Aim of the exercise - Could you please output all of the data exactly, without the images?

Data block -
========================================================================
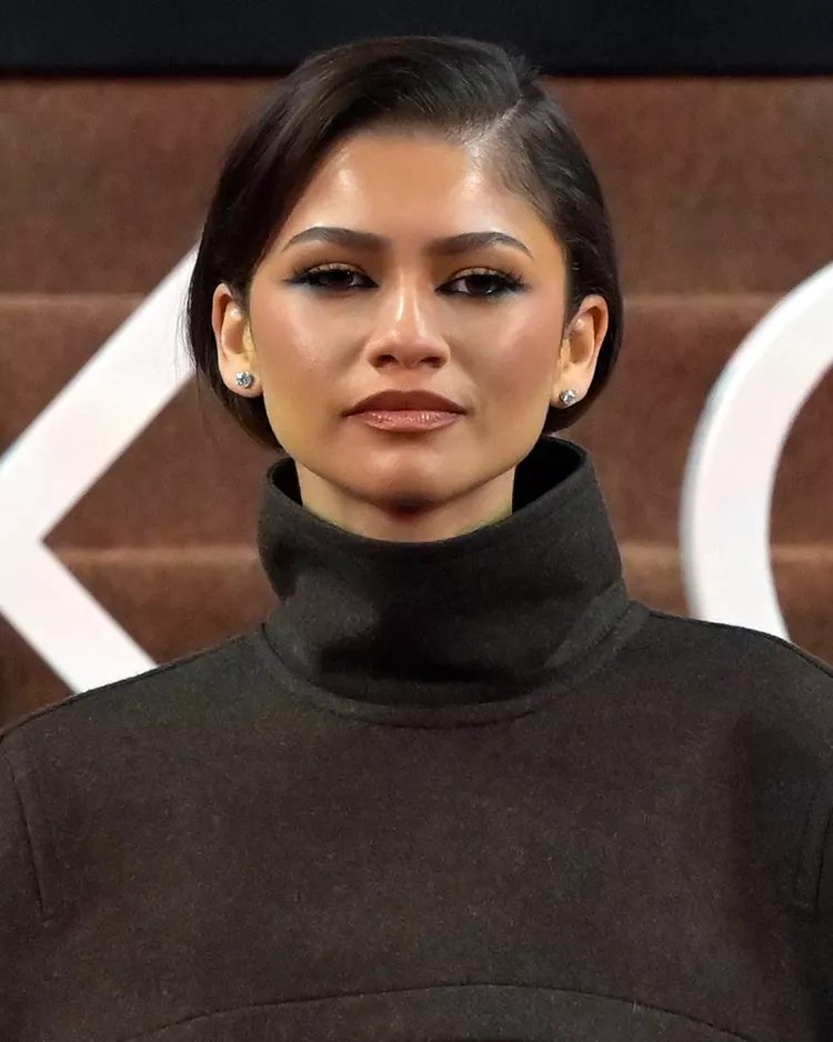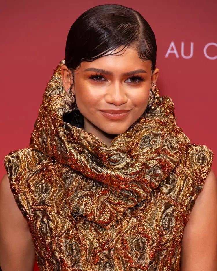 Consider a side-part bun with a wet look and styled edges for a stylish, edgy look inspired by Zendaya. Hurtado says to start by parting the hair on the left side, and then slicking back your hair with a gel or mousse that has a high hold. Gather your hair in a high bun and ensure the sides are sleek and smooth. To create defined edges, use a fine-toothed comb or small brush. To enhance the look of wet hair and to keep flyaways away, finish with a glossy edge control or serum.
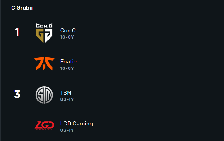Günün dördüncü maçında C Grubu’nda ikinci Güney Kore – Çin düellosunu izledik. Bu sefer LCK birincisi Gen.G ile LPL dördüncüsü olan ve Ön Elemeler’de rakiplerini silip süpüren LGD Gaming karşı karşıya geldi. Günün en heyecanlı ve aksiyonlu maçıydı desek yanlış demiş olmayız ancak sonuç değişmedi. Güney Kore bir kez daha kazandı. LCK temsilcisi Gen.G rakibi LPL temsilcisi LGD Gaming’i yenmeyi başardı ve gruplara galibiyet ile başladı.
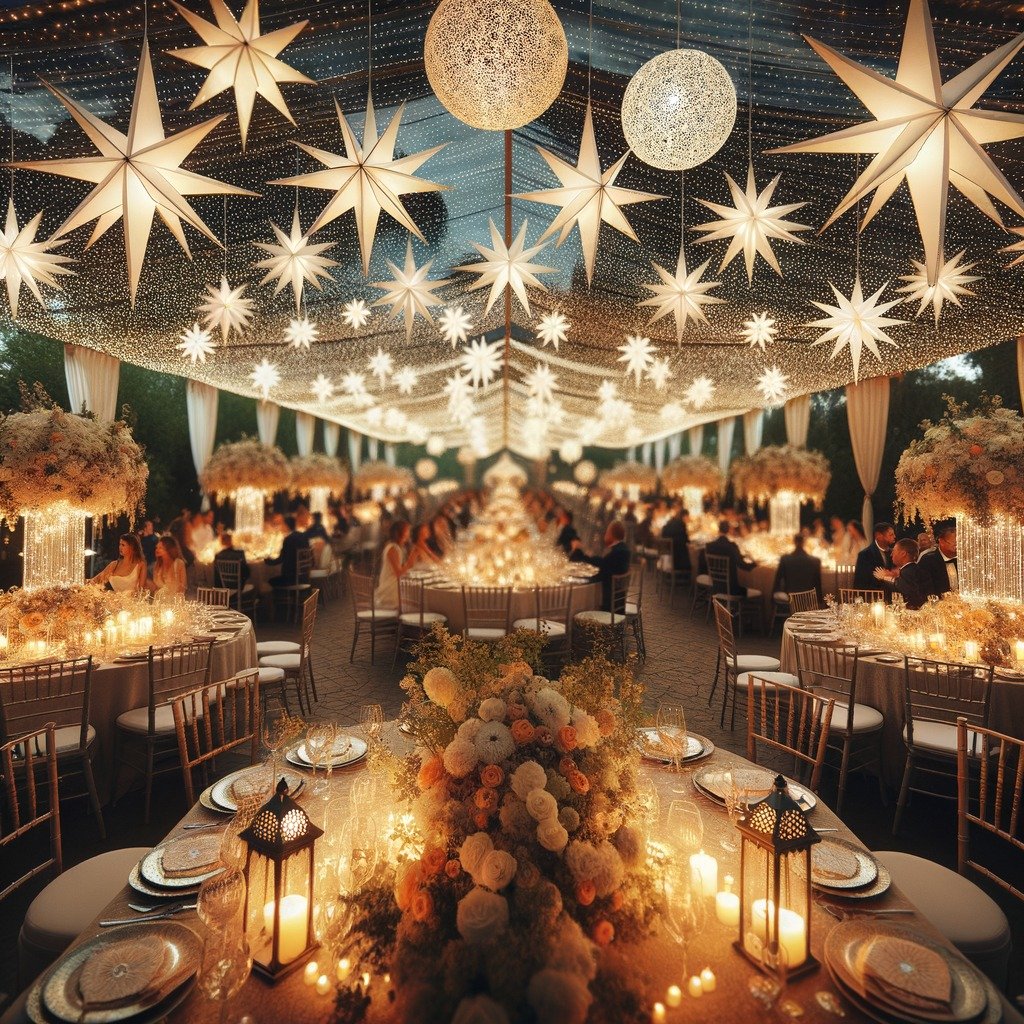 This starlit reception feels like a dream woven from moonlight. A canopy of glowing paper stars and orbs hovers above, casting golden light that dances across the tables.
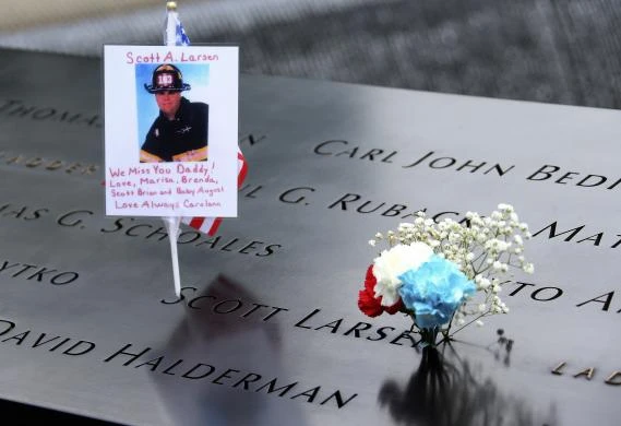Một bức ảnh và lời nhắn cho người Lính cứu hỏa Scott A Larsen cùng một nhành hoa được đặt cạnh tên anh trên bia tưởng niệm.
========================================================================
Task solution -
 Consider a side-part bun with a wet look and styled edges for a stylish, edgy look inspired by Zendaya. Hurtado says to start by parting the hair on the left side, and then slicking back your hair with a gel or mousse that has a high hold. Gather your hair in a high bun and ensure the sides are sleek and smooth. To create defined edges, use a fine-toothed comb or small brush. To enhance the look of wet hair and to keep flyaways away, finish with a glossy edge control or serum.
Günün dördüncü maçında C Grubu’nda ikinci Güney Kore – Çin düellosunu izledik. Bu sefer LCK birincisi Gen.G ile LPL dördüncüsü olan ve Ön Elemeler’de rakiplerini silip süpüren LGD Gaming karşı karşıya geldi. Günün en heyecanlı ve aksiyonlu maçıydı desek yanlış demiş olmayız ancak sonuç değişmedi. Güney Kore bir kez daha kazandı. LCK temsilcisi Gen.G rakibi LPL temsilcisi LGD Gaming’i yenmeyi başardı ve gruplara galibiyet ile başladı.
 This starlit reception feels like a dream woven from moonlight. A canopy of glowing paper stars and orbs hovers above, casting golden light that dances across the tables.
Một bức ảnh và lời nhắn cho người Lính cứu hỏa Scott A Larsen cùng một nhành hoa được đặt cạnh tên anh trên bia tưởng niệm.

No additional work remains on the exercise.